▸ PROBLEM DETAILS
Go through the entries below and retype them exactly, omitting each picture.

▸ DATA

BEGIN

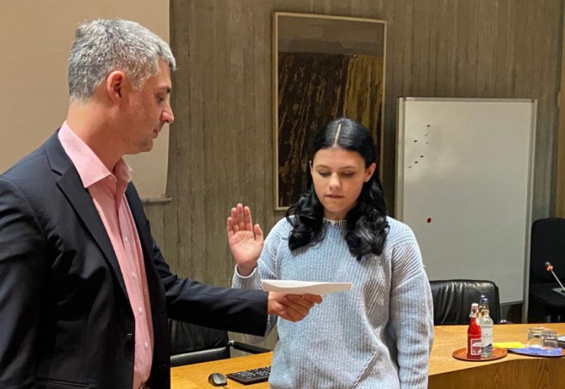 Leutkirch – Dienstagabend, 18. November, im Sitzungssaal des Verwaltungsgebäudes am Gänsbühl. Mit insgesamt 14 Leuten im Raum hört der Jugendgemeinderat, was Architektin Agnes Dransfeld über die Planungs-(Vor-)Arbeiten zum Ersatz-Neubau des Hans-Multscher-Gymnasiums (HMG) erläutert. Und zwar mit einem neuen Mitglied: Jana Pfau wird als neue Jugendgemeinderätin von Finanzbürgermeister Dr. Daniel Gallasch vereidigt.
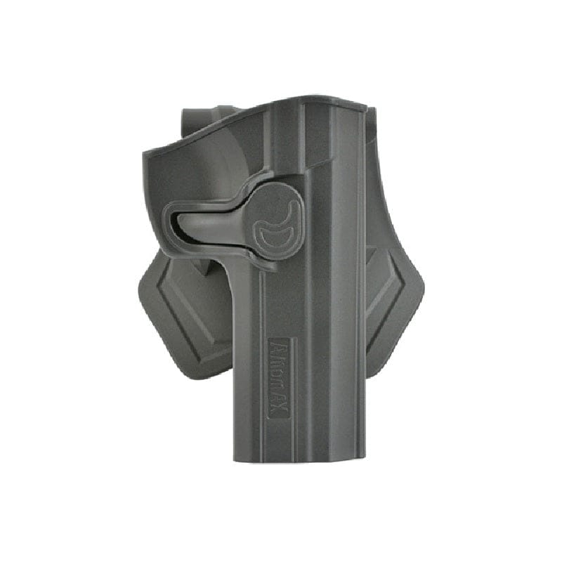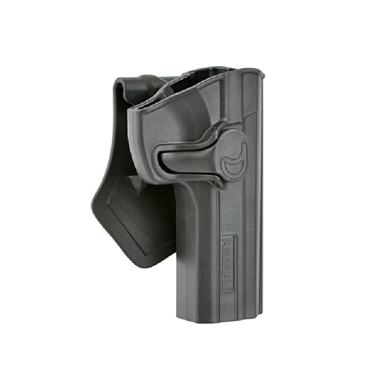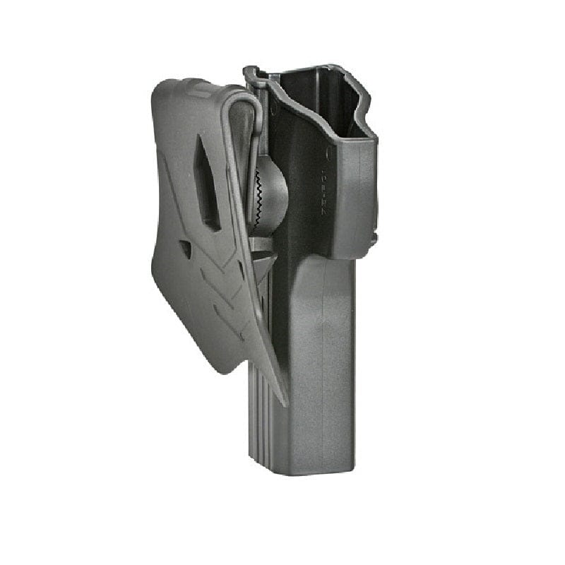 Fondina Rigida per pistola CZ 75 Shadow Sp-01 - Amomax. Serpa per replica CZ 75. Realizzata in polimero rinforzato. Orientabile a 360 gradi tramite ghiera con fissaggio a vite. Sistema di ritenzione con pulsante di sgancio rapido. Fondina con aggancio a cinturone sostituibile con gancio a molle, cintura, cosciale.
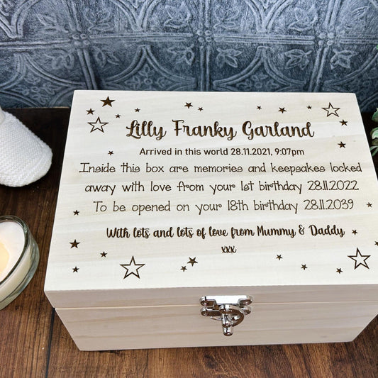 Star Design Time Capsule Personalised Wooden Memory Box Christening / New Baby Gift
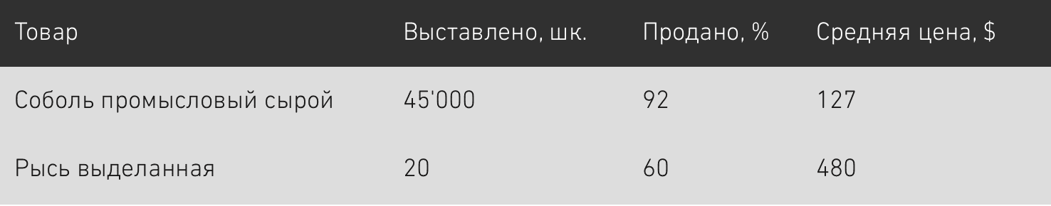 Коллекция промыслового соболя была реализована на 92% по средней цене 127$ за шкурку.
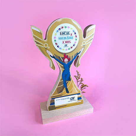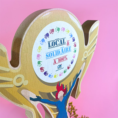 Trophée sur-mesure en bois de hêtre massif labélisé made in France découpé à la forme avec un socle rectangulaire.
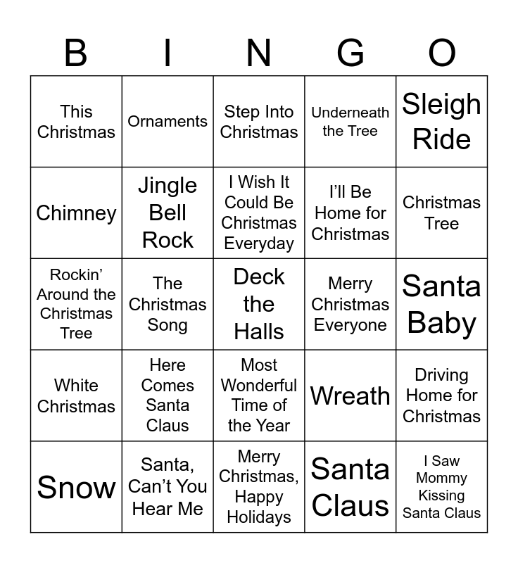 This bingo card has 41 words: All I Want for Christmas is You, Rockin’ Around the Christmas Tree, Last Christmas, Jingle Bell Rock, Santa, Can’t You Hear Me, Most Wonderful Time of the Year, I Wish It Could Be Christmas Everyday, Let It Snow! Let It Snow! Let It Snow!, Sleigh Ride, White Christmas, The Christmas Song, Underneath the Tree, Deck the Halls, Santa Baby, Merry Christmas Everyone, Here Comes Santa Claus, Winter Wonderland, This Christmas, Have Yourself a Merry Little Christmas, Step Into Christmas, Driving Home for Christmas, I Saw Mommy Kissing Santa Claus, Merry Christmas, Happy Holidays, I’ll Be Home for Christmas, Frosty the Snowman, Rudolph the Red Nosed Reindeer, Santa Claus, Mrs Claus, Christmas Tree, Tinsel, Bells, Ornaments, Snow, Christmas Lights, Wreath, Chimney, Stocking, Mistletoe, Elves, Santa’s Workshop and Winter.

END

▸ TASK RESULT
 Leutkirch – Dienstagabend, 18. November, im Sitzungssaal des Verwaltungsgebäudes am Gänsbühl. Mit insgesamt 14 Leuten im Raum hört der Jugendgemeinderat, was Architektin Agnes Dransfeld über die Planungs-(Vor-)Arbeiten zum Ersatz-Neubau des Hans-Multscher-Gymnasiums (HMG) erläutert. Und zwar mit einem neuen Mitglied: Jana Pfau wird als neue Jugendgemeinderätin von Finanzbürgermeister Dr. Daniel Gallasch vereidigt.
 Fondina Rigida per pistola CZ 75 Shadow Sp-01 - Amomax. Serpa per replica CZ 75. Realizzata in polimero rinforzato. Orientabile a 360 gradi tramite ghiera con fissaggio a vite. Sistema di ritenzione con pulsante di sgancio rapido. Fondina con aggancio a cinturone sostituibile con gancio a molle, cintura, cosciale.
 Star Design Time Capsule Personalised Wooden Memory Box Christening / New Baby Gift
 Коллекция промыслового соболя была реализована на 92% по средней цене 127$ за шкурку.
 Trophée sur-mesure en bois de hêtre massif labélisé made in France découpé à la forme avec un socle rectangulaire.
 This bingo card has 41 words: All I Want for Christmas is You, Rockin’ Around the Christmas Tree, Last Christmas, Jingle Bell Rock, Santa, Can’t You Hear Me, Most Wonderful Time of the Year, I Wish It Could Be Christmas Everyday, Let It Snow! Let It Snow! Let It Snow!, Sleigh Ride, White Christmas, The Christmas Song, Underneath the Tree, Deck the Halls, Santa Baby, Merry Christmas Everyone, Here Comes Santa Claus, Winter Wonderland, This Christmas, Have Yourself a Merry Little Christmas, Step Into Christmas, Driving Home for Christmas, I Saw Mommy Kissing Santa Claus, Merry Christmas, Happy Holidays, I’ll Be Home for Christmas, Frosty the Snowman, Rudolph the Red Nosed Reindeer, Santa Claus, Mrs Claus, Christmas Tree, Tinsel, Bells, Ornaments, Snow, Christmas Lights, Wreath, Chimney, Stocking, Mistletoe, Elves, Santa’s Workshop and Winter.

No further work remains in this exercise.